3.2. Sistem Penanggalan

Dalam melakukan kegiatan upacara ritual keagamaan selalu mencari hari yang baik, bagi masyarakat Bali dikenal dengan sebutan pedewasaan. Pedewasaan adalah hari yang dianggap baik untuk melaksanakan upacara keagamaan, sedangkan pedewasaan dasarnya adalah dari wariga. Wariga berarti jalan menuju yang mulia atau kesempurnaan. Peristiwa-peristiwa penting seperti memulai pembuatan topeng atau barang kesenian lainnya yang akan disakralkan, pembuatan bangunan suci, rumah pawongan dan pertunjukan-pertunjukan tradisional yang terkait dengan agama dan adat selalu berpedoman pada dua sistem kalender yang sangat khas dan hanya digunakan oleh masyarakat Hindu di Bali. Kedua sistem penanggalan itu adalah sistem Pawukon atau Saka dan penanggalan sistem Masehi.
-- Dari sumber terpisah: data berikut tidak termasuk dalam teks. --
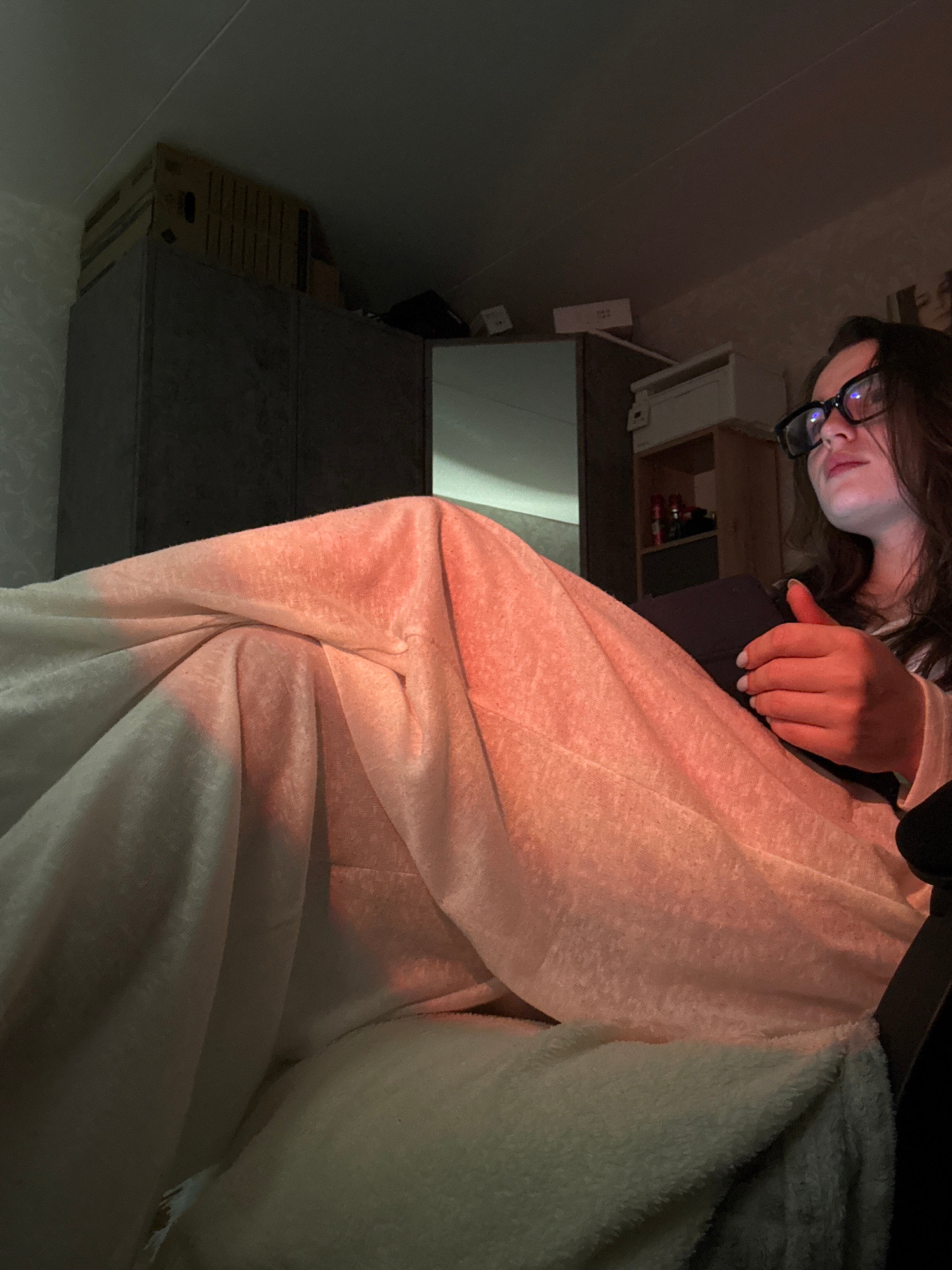 A young woman wearing glasses is partially visible in the upper-right corner of the image. She is covered with blankets that appear to be two different colors - a pinkish-white blanket on the left, an…read more

Sistem kalender Pawukon yang dalam satu siklus Pawukon ada 210 hari, terbagi menjadi 30 Wuku dan setiap Wuku berlangsung selama tujuh hari. Ketigapuluh Pawukon itu adalah 1Sintha, 2Landep, 3 Ukir, 4Kulantir, 5 Taulu, 6 Gumbreg, 7Wariga, 8Warigadean, 9Julungwangi, 10Sungsang, 11Dungulan, 12Kuningan, 13Langkir, 14Medangsia, 15Pujut, 16Pahang, 17Krulut, 18Merakih, 19Tambir, 20Medangkungan, 21Matal, 22Uye, 23Menail, 24Perangbakat, 25Bala, 26Ugu, 27Wayang, 28Kelawu, 29Dukut, dan 30Watugunung.